Social Networking And Gaming Mobile Apps Are Now Neck-And-Neck For Time Spent On Android, iOS

In another sign that something fundamental is changing on the iOS and Android platforms, mobile analytics provider Flurry has found that consumers are spending as much time in social networking apps as they are in mobile games.

Games have historically led usage on mobile. The last time that Flurry took a look back in January, it found that half of app sessions were spent in games while 30 percent was spent in social networking apps.

“We take the rise in Social Networking apps as a signal of maturation for the platform,” wrote Flurry’s vice president of marketing Peter Farago. “As game demand may be hitting its saturation point, consumers are also discovering other apps, namely Social Networking.”

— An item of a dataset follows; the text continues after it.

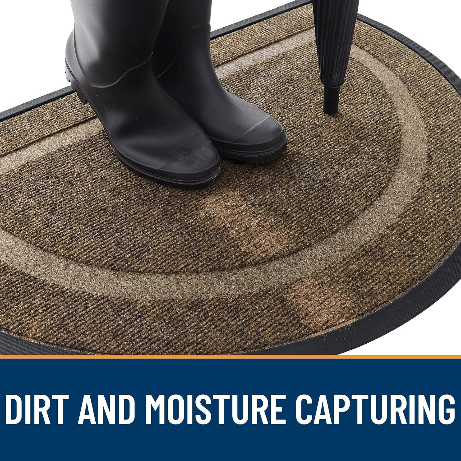 OLANLY Half Circle Door Mat Indoor Outdoor Entrance Welcome, Waterproof All-Season, All-Weather Doormat, Sturdy Natural Rubber, Low Profile, Easy Clean Patio Porch Entryway Mat, 71x47, Brown

You can actually visually see the changes on the charts compared to a year ago. Today apps like Viddy, Socialcam and Instagram are in the Top 5 free in the U.S. on iOS. These are all apps for sharing content like videos and friends. A year ago, these would have probably been mostly games.

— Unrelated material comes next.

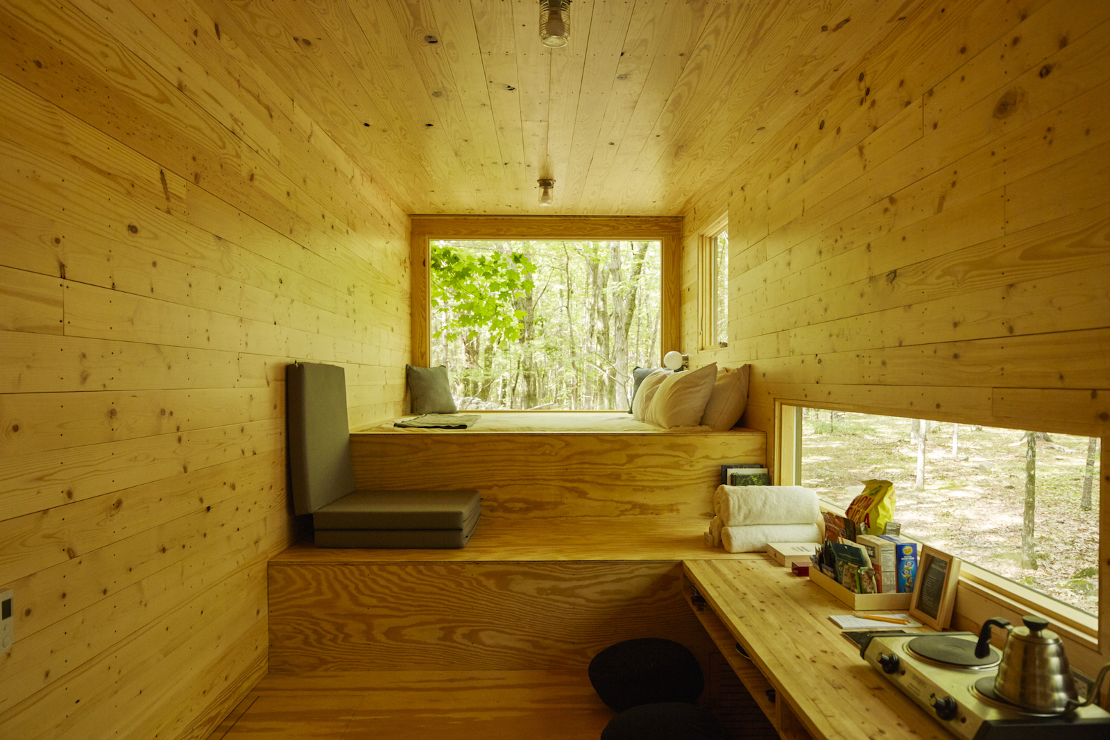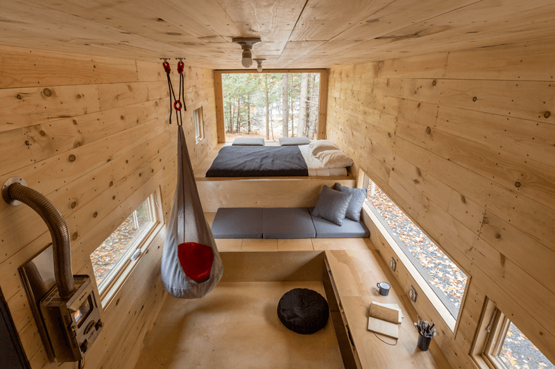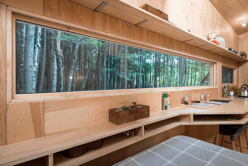 Napríklad chatka Ovida, ktorá stojí neďaleko Bostonu, evokuje tradičný drevený dom, má drevenú konštrukciu. Je „oblečená“ do čierneného dreva, v ktorom sú okná rôznych rozmerov. Interiér je vybavený manželskou posteľou, kútikom s poschodovou posteľou, jedálenským stolom, vstavanými policami. Je navrhnutá tak, aby maximalizovala dostupný priestor.

There are probably several forces at work in addition to the ones that Flurry describes. 1) The platforms are mature and other app categories are starting to develop. 2) Apple has cracked down on more unscrupulous forms of user acquisition, which benefited developers who had the cash to spend on marketing. Pre-revenue apps like Instagram can’t really justify spending tens or hundreds of thousands of dollars a month in marketing dollars. 3) Twitter and Facebook are starting to emerge as effective ways of distributing mobile apps. If you search Twitter for “Viddy” or OMGPOP’s “#drawsomething,” you’ll see that there are several tweets per minute about both apps.

Flurry also found that the time spent is affecting the revenue that apps in both categories earn. For the first time, advertising revenue for social networking apps in Flurry’s ad network AppCircle, surpassed that of ad revenue for games. The thing you have to consider, though, is that gaming apps are more dependent on in-app purchases of virtual currency. If you look on iOS’ top grossing charts, it’s still virtually all games in the Top 25.

Flurry results are a little worrying for the mobile gaming industry. Perhaps the audience is reaching scale and doesn’t have much more room to grow.

Farago writes, “The games category could start behaving more like a “zero sum game” from here on out, meaning that game companies would have to fight over a finite group of consumers in order to grow their businesses.”